Proyek Colossal Biosciences ini melibatkan pendanaan dari berbagai pihak dan menggunakan pendekatan kombinasi antara kloning dan penyuntingan gen. Tim peneliti memanfaatkan dua sampel DNA kuno direwolf – gigi berusia 13.000 tahun dan tengkorak berusia 72.000 tahun – untuk melakukan manipulasi genetik pada sel serigala abu-abu. Sel yang telah dimodifikasi kemudian diimplantasikan ke dalam sel telur serigala abu-abu yang berfungsi sebagai surrogate mother atau induk pengganti.

Hasilnya, tiga anak serigala hibrida lahir, menunjukkan kemiripan fisik dengan direwolf yang telah punah, termasuk bulu putih yang khas. Ketiga anak serigala ini, dua jantan bernama Romulus dan Remus, serta satu betina bernama Khaleesi, hidup di lahan khusus seluas 2.000 hektare yang terdaftar di Departemen Pertanian AS.

Implikasi dan Tantangan di Indonesia

Profesor Arief mengakui bahwa Indonesia memiliki potensi untuk melakukan riset serupa, dengan catatan adanya komitmen dan keberlanjutan pendanaan. Ketersediaan ahli yang kompeten bukanlah masalah utama, melainkan konsistensi dukungan finansial yang seringkali menjadi kendala.

CEO Colossal Biosciences, Ben Lamm, menyatakan bahwa pencapaian ini merupakan terobosan besar dalam konservasi. Kemampuan untuk menghidupkan kembali spesies yang telah punah membuka peluang baru untuk memulihkan ekosistem yang rusak dan melestarikan keanekaragaman hayati.

Detail Proyek dan Karakteristik Direwolf

Direwolf (Aenocyon dirus) secara fisik lebih besar dari serigala abu-abu, dengan kepala yang lebih lebar, bulu yang lebih tebal, dan rahang yang lebih kuat. Meskipun anak serigala yang lahir memiliki kemiripan dengan direwolf, sebagian besar genom mereka identik dengan serigala abu-abu, menunjukkan bahwa mereka adalah hibrida yang berhasil.
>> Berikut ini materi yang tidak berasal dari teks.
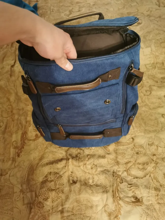 Рюкзак соответствует описанию. Материал плотный с винтажным окрасом. Молнии и заклёпки встроены и прошиты надёжно. Внутренний объем больше ожидаемого. Доставка без задержек в срок. Товар и продавца рекомендую.
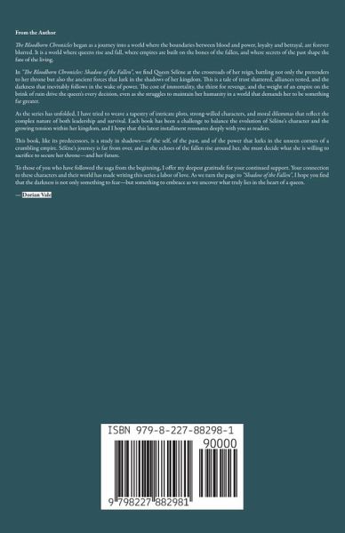 The Bloodborn Chronicles: Shadow of the Fallen In the fifth installment of The Bloodborn Chronicles, Shadow of the Fallen propels readers into a world on the brink of destruction. As Sélène, the indomitable Queen, rises from the ashes of betrayal, dark forces and ancient enemies lurk in the shadows, threatening the very foundation of her reign. The once-mighty Empire is fractured, torn apart by whispers of forgotten power and the rise of a mysterious pretender to the throne. With her kingdom in turmoil, Sélène must navigate the treacherous waters of politics, blood oaths, and deadly secrets. Allies become enemies, and even the most trusted of friends may wield daggers behind smiling faces. As Sélène confronts the shadows of her past, a forgotten kingdom's secrets resurface, and the ancient blood pact that bound her people threatens to tear her apart. The cost of immortality becomes painfully clear, and the Queen must make choices that could change the fate of her realm forever. The battle intensifies as an uprising in the lower city sets the streets ablaze, forcing Sélène to take the field herself. With the Shadow Council working in the background to manipulate her every move, she is forced to gamble everything on her survival. When an old enemy resurfaces and the gates of the dead open, Sélène is thrust into a trial of loyalty, magic, and bloodshed that will leave her questioning everything she once believed. With the kingdom in flames and an army of the damned on the horizon, the stage is set for a final confrontation that will determine the fate of the throne. Shadow of the Fallen is a tale of power, betrayal, and the lengths one woman will go to protect what is hers. As the battle for the throne reaches its bloody climax, the echoes of war will reverberate across the land, and Sélène's choices will define the future of her people. Victory or oblivion? The Queen's wrath will be unleashed, but in a kingdom built on blood, no one can escape the darkness forever. Join Sélène in this gripping, epic saga where power, revenge, and ancient magic collide in a fight for survival and the throne. The journey to reclaim what is hers has only just begun.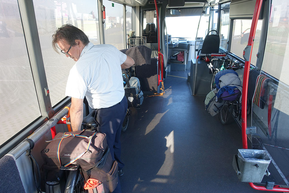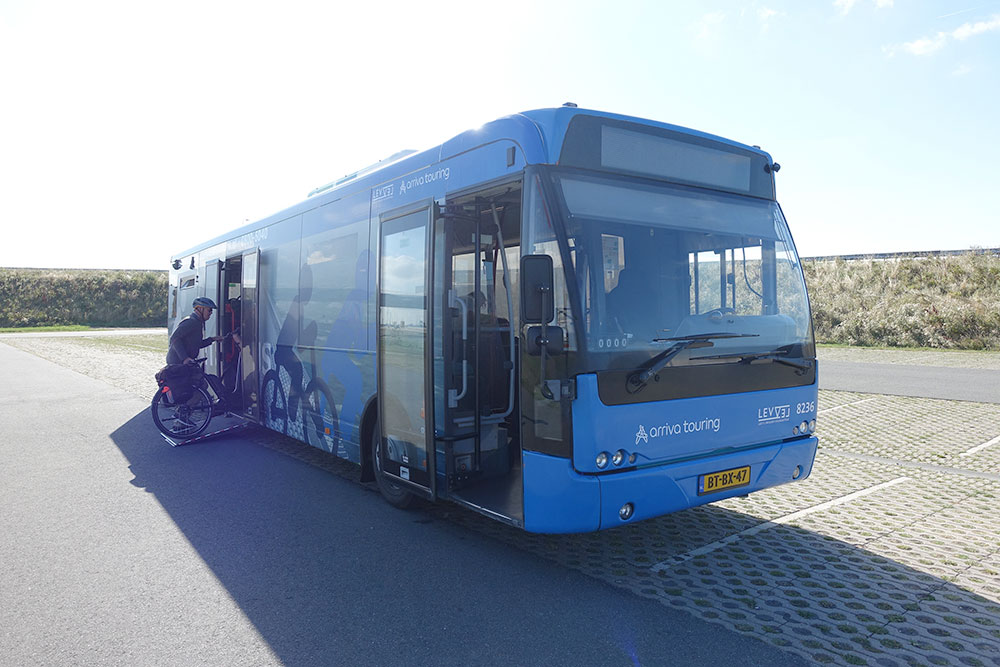 さて、いよいよ堤防に入るというところの駐車場に、「FIETSBUS(FIETSはオランダ語で自転車の意味)」と書かれたバスが停まっていました。

Berikut adalah poin-poin penting mengenai proyek ini:

  • Tujuan: Menghidupkan kembali direwolf menggunakan bioteknologi.
  • Metode: Penyuntingan genom dan kloning dengan memanfaatkan DNA kuno.
  • Induk Pengganti: Serigala abu-abu (Canis lupus).
  • Hasil: Tiga anak serigala hibrida yang mirip dengan direwolf.
  • Lokasi: Lahan rahasia seluas 2.000 hektare di bawah pengawasan Departemen Pertanian AS.
  • Tantangan: Komitmen dan keberlanjutan pendanaan riset.

Keberhasilan proyek ini membuka jalan bagi riset lanjutan dalam de-extinction dan konservasi spesies terancam punah, serta menyoroti pentingnya investasi dalam bioteknologi dan genomik untuk masa depan keanekaragaman hayati.